Ekonomi Bakanı Nihat Zeybekci, NTV Ankara İstihbarat Şefi Ahmet Ergen'in gündeme ilişkin sorularını yanıtladı.
Bakan Zeybekci, iş dünyasının uzun süredir beklediği haberi de NTV canlı yanınında verdi. Zeybekci, yatırım teşviklerinin süresinin bir yıl uzatıldığını açıkladı.
Faiz oranları hakkındaki değerlendirmeleri sorulan Zeybekci, "Faiz, siyasi istikrarsızlığın getirdiği liranın aşırı kaybı sonucu arttı" dedi.

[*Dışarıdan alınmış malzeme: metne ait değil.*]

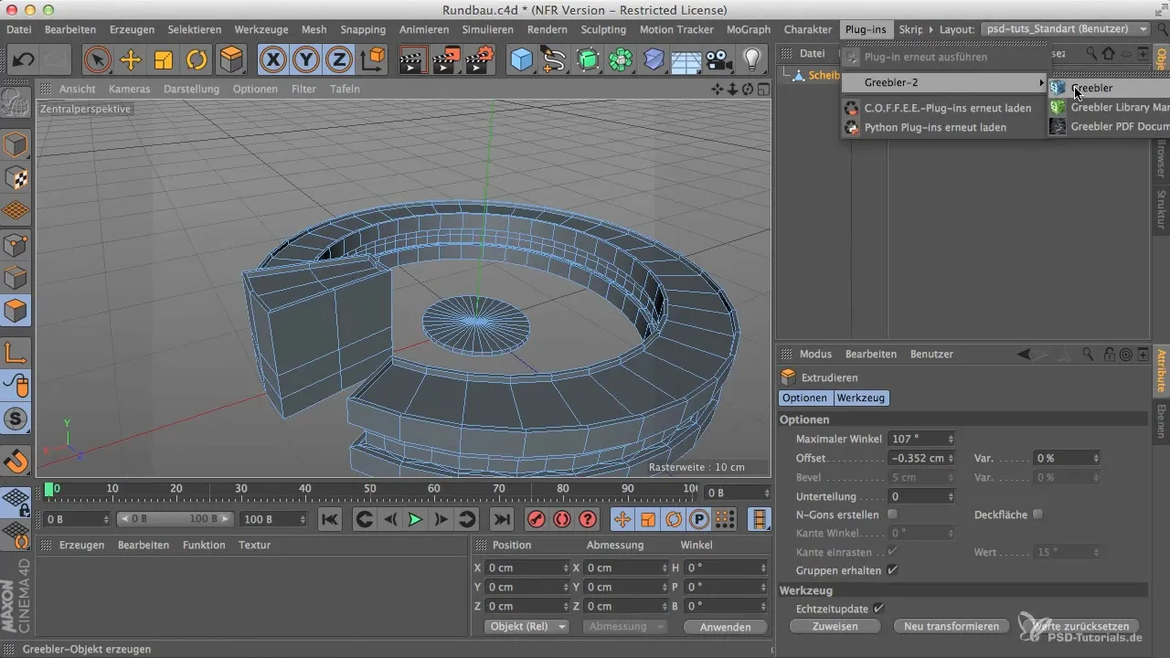 Якщо твій об'єкт поділений, пора додати Greebles. Перейди до плагінів і вибери інструмент Greebles. Помісти свою будівлю в плагін Greebles, щоб згенерувати Greebles.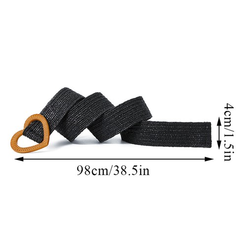 PP Grass Woven Waist Belt Solid Color Straw Belt Love Heart Buckle Adjustable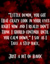 Just a Bit of Havoc is book one in the Havoc series, a dark monster paranormal romance with a little vigilante demon. For fans of unhinged female main characters, reverse harems, fated mates, demons and angels, morally grey characters, dark humor and gore.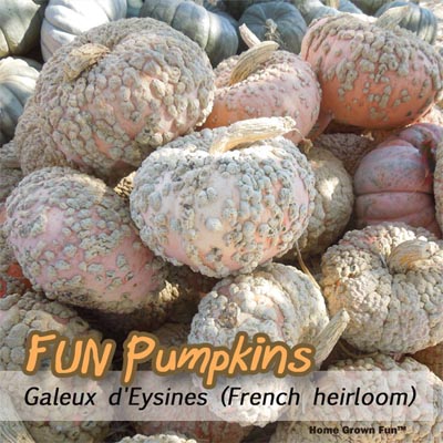 This one’s not just for display! It’s an all-around “eater”. They make tasty pies, baked goods, chips and soups. Its name is derived from Eysines, a small town in southwestern France. The word “Galeux” means mangy. This phrase creatively gets translated as “embroidered with warts from Eysines”. Compare pumpkins. The more peanut-looking growths, the sweeter it will be. Sugar coming to the surface as it ripens makes the fantastic, textured bumps.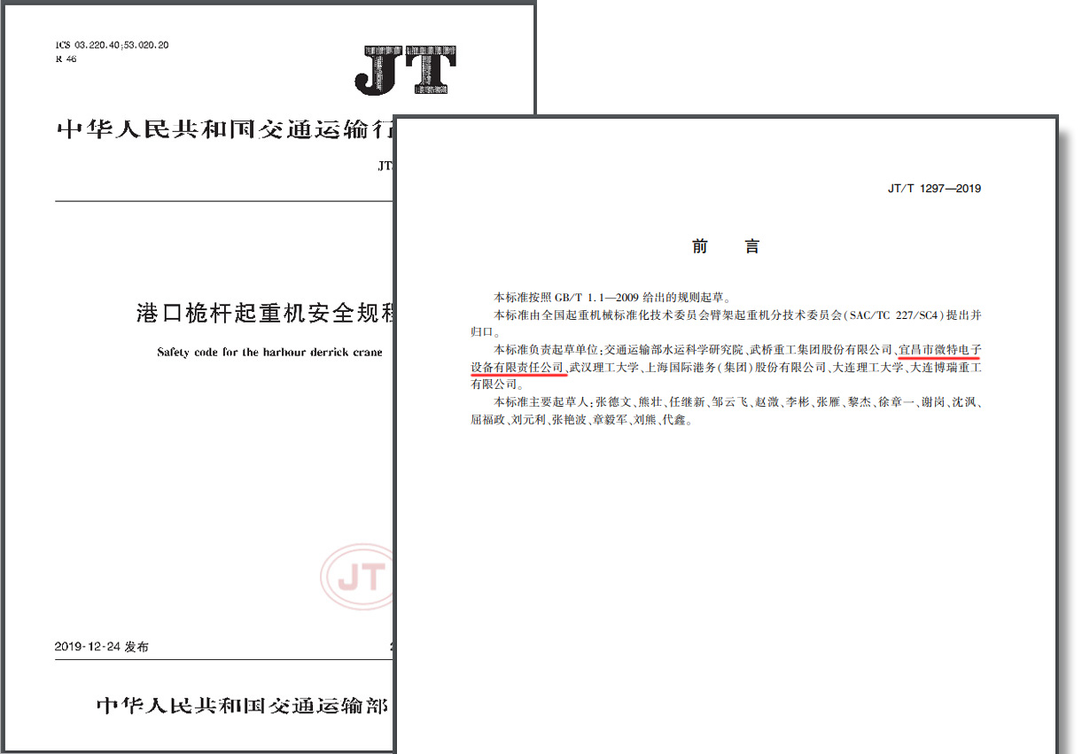 ▲《港口桅桿起重機安全規(guī)程》前言頁的標(biāo)準(zhǔn)起草單位一欄可見微特公司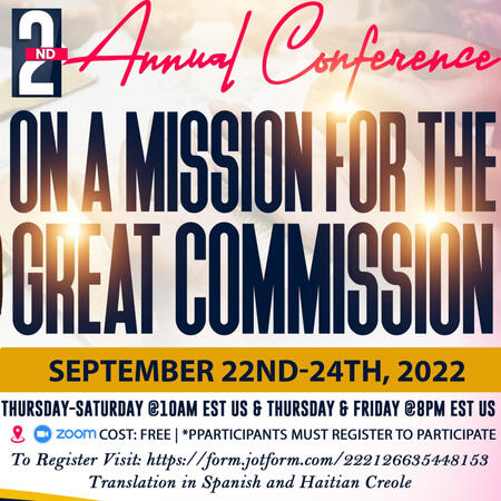 Please join us for this life changing virtual conference. Sept 22nd-24th, 2022, Thursday - Saturday@10am EST US & Thursday and Friday @8pm EST US. An international event where attendees will enjoy bilingual worship, impactful teachings, practical workshops,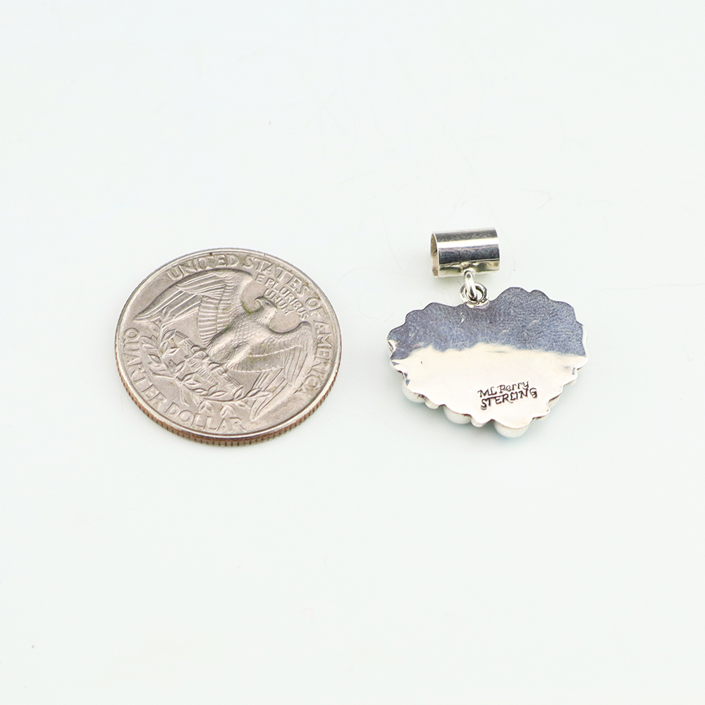 Zuni fetish carver Brian Yatsattie created this stunning seahorse pendant. Hand carved out of Mother of Pearl Shell with Turquoise inlaid eyes. Amazing detail is carved throughout the pedant. A wonderful addition to your Native American jewelry or fetish collection. Weighs 20 grams. 2 1/4” tall x 3/4” long x...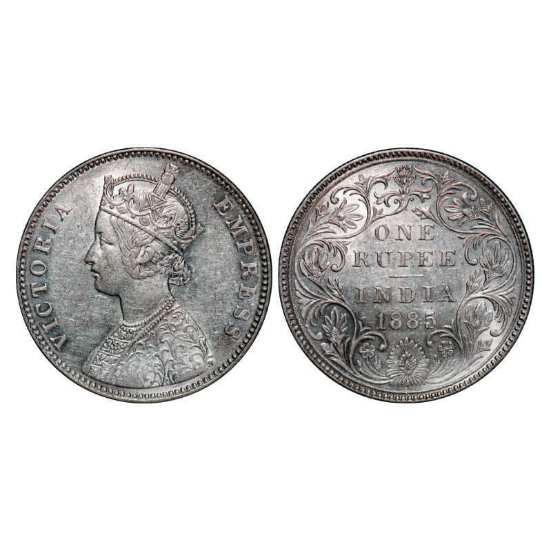 Victoria Empress, Silver, Rupee, 1885, Calcutta Mint, A1/I, 'C' incused, Top stroke of numeral 5 sh...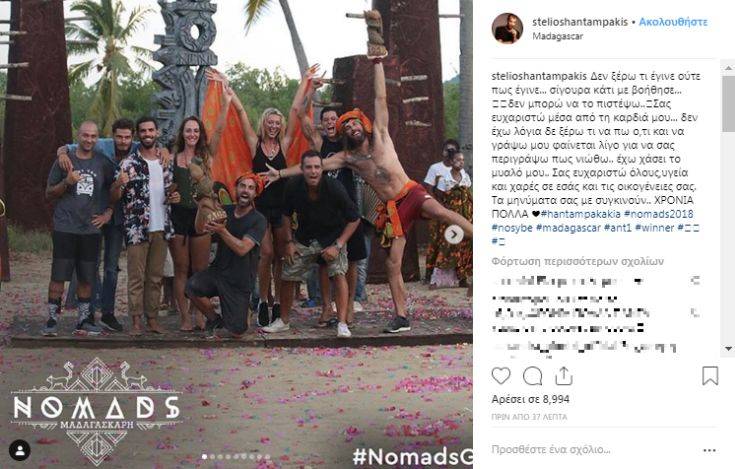 Εμφανώς συγκινημένος από τη νίκη του στο Nomads ήταν ο Στέλιος Χανταμπάκης στο πρώτο του μήνυμα στο Instagram μετά τον τελικό της Κυριακής.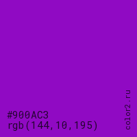 Цвет #900AC3 в цветовой модели RGB обозначается тремя октетами (144, 10, 195) в десятичном формате и #900AC3 в шестнадцатиричном (hex) формате, которые являются интенсивностью красного 144 (hex 90), интенсивность зелёного 10 (hex 0A) и интенсивность синего 195 (hex C3).

Zeybekci, "28 Ocak'taki faiz artışı gerekli olabilir ama bunu desteklemek mümkün değil" şeklinde konuştu.
Faizde artış beklentisinin yüzde 1,5-2,5 civarında olduğunu söyleyen Zeybekci, "Merkez Bankası bunun çok üzerinde yaptı" değerlendirmesinde bulundu.
Türkiye'de siyasi istikrarın devamlılığıyla ilgili risklerin ortadan kalktığını ifade eden Zeybekci, "Faiz artışının olduğu günün gerekçeleri ortadan kalktı. Siyasi anlamdaki belirsizlik ortadan kalkmıştır. Merkez Bankası hangi gerekçeyle faizleri artırdıysa yine aynı gerekçeyle faizi düşürsün" dedi.
Zeybekci, "Merkez Bankası'nın piyasaların önünde bu yönde bir beklentiyi körüklemesi lazım, cesaretlendirmesi lazım" şeklinde konuştu.
-Dün Meclis'te yumruklu saldırı söz konusu oldu. Siz nasıl değerlendiriyorsunuz bu konuyu?
Öncelikle şiddetle kınıyorum. Türkiye'de ne yapılacaksa siyaset içinde, demokrasi ve hukuk içinde yapılacak. Milletin iradesine başvurularak milletin vizesiyle yapılacak. Bırakın liderini bir siyasi partinin siyasi kimliğini taşıyan en alt kademedeki birine yapılsa bile karşısında olmak lazım. Ben bu anlayışla şiddetle kınıyorum. Türkiye'de yıllarca siyasetin itibarını bilerek isteyerek düşürülmeye çalışıldı.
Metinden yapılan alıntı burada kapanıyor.